Quantification of HCV core antigen in culture media.
Culture media from JFH1-RNA-transfected Huh7 cells were collected, passed through a 0.45-μm filter (MILLEX-HA; Millipore, Bedford, MA), and stored at −80°C. The concentrations of core antigen in the culture supernatants were measured using a chemiluminescence enzyme immunoassay (CLEIA) according to the manufacturer's protocol (Lumipulse Ortho HCV antigen; Ortho-Clinical Diagnostics, Tokyo, Japan).
Real-time RT-PCR analysis.
The real-time RT-PCR was done as previously described (11). Briefly, total cellular RNA was isolated using ISOGEN (Nippon Gene), reverse transcribed, and subjected to real-time PCR analyses. Expression of mRNA was quantified using the TaqMan universal PCR master mix and the ABI 7500 real-time PCR system (Applied Biosystems, Foster City, CA).
Western blot analysis.
Western blotting was performed as described previously (11). Briefly, 10 μg of total cell lysate was separated by SDS-PAGE and blotted onto a polyvinylidene fluoride (PVDF) membrane. The membrane was incubated with the primary antibodies, followed by a peroxidase-labeled anti-IgG antibody, and visualized by chemiluminescence using the ECL Western blotting analysis system (Amersham Biosciences, Buckinghamshire, United Kingdom). The antibodies used were mouse monoclonal anti-HCV-core antibody (Abcam, Cambridge, MA), mouse monoclonal anti-HCV-NS5A antibody (Biodesign), and mouse anti-beta-actin antibody (Sigma).
Indirect immunofluorescence assay.
Cells seeded onto tissue culture chamber slides were fixed with cold acetone. The cells were incubated with anti-hemagglutinin (HA) and anti-core or anti-NS5A antibodies and subsequently with Alexa 488- or Alexa 568-labeled secondary antibodies. Cells were mounted with VECTA SHIELD mounting medium and DAPI (4′,6-diamidino-2-phenylindole) (Vector Laboratories) and visualized by fluorescence microscopy (BZ-8000; Keyence) and confocal laser microscopy (FLUOVIEW FV10i; Olympus, Tokyo, Japan).
Synthetic siRNA.
The small interfering RNAs (siRNAs) were designed to target SRPK1 and SRPK2. Sequences of SRPK1-directed siRNAs were as follows: no. 1, 5′-UUA AUG ACU UCA AUC ACU CCA UUG C-3′; no. 2, 5′-UAA GAA AUC UGU GAA GCC AGC UGC C-3′. Sequences of SRPK2-directed siRNAs were as follows: no. 3, 5′-AAU ACU GCC UAG CAG CUC UAU GAU G-3′; no. 4, 5′-UCA GCU UGG UGA UGU GUC GCA GUU C-3′. The control siRNA has been described previously (32).
Plasmid constructs.
Plasmid pEMCV/IRES/Rluc, which is a renilla luciferase expression plasmid that is driven by an encephalomyocarditis virus internal ribosome entry site (EMCV-IRES), has been described (19). Eukaryote expression plasmids for SRPK1 and SRPK2, pME-HA-SRPK1 and pME-HA-SRPK2, have been described (16).
Calculation of EC50.
The 50% effective concentration (EC50) was calculated as the concentration of an inhibitor required for 50% reduction in replicon-based luciferase activity. We used probit regression analysis to obtain values.
Statistical analyses.
Statistical analyses were performed using Student's t test; P values of less than 0.05 were considered statistically significant.
RESULTS
Immunofluorescence microscopy of SRPK and HCV proteins.

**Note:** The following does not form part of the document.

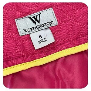 Worthington Mini Skirt Barbiecore Pink Textured Zippered Pockets Women's Size 8
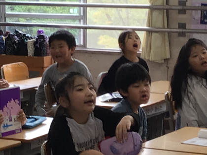 数分間、取り組んだ後は、ホワイトボードに松村先生が映し出してくれたものを全員で言う勉強をしていました。リズミカルに音をつけて、答えを言っていて面白そうでした。

We first studied the subcellular localization of SRPK1 and SRPK2 and their association with HCV proteins. Expression plasmids for SRPK1 or SRPK2 were transfected into HCV replicon-expressing or HCV-JFH1-infected cells. Immunofluorescence analysis was performed 48 h after transfection (Fig. 1). SRPK1 and SRPK2 were distributed diffusely in the cytoplasm, and HCV core and NS5A proteins were localized at the perinuclear rim and also in the cytoplasm. Although most portions of SRPKs and the viral NS5A and core proteins were localized in different cellular compartments, SRPKs and the HCV core and NS5A proteins colocalized to some extent in the perinuclear area.
FIG. 1.
Immunofluorescence microscopy. Expression plasmids for SRPK1 and SRPK2 were transfected into Huh7/Rep-Feo-1b cells or into HCV-JFH1-infected Huh7.5.1 cells. Forty-eight hours after transfection, cells were fixed and incubated with mouse anti-NS5A or anti-core antibodies and rabbit anti-HA antibody, followed by Alexa Fluor 488-labeled anti-mouse IgG and Alexa Fluor 568-labeled anti-rabbit IgG secondary antibodies. Nuclei were stained with DAPI. Representative immunofluorescence images derived from a number of experiments are shown as three images of a single focal plane of Huh7 cells, showing NS5A and core proteins (green), SRPK1 and SRPK2 (red), DAPI staining (blue), and the superimposed images (merge).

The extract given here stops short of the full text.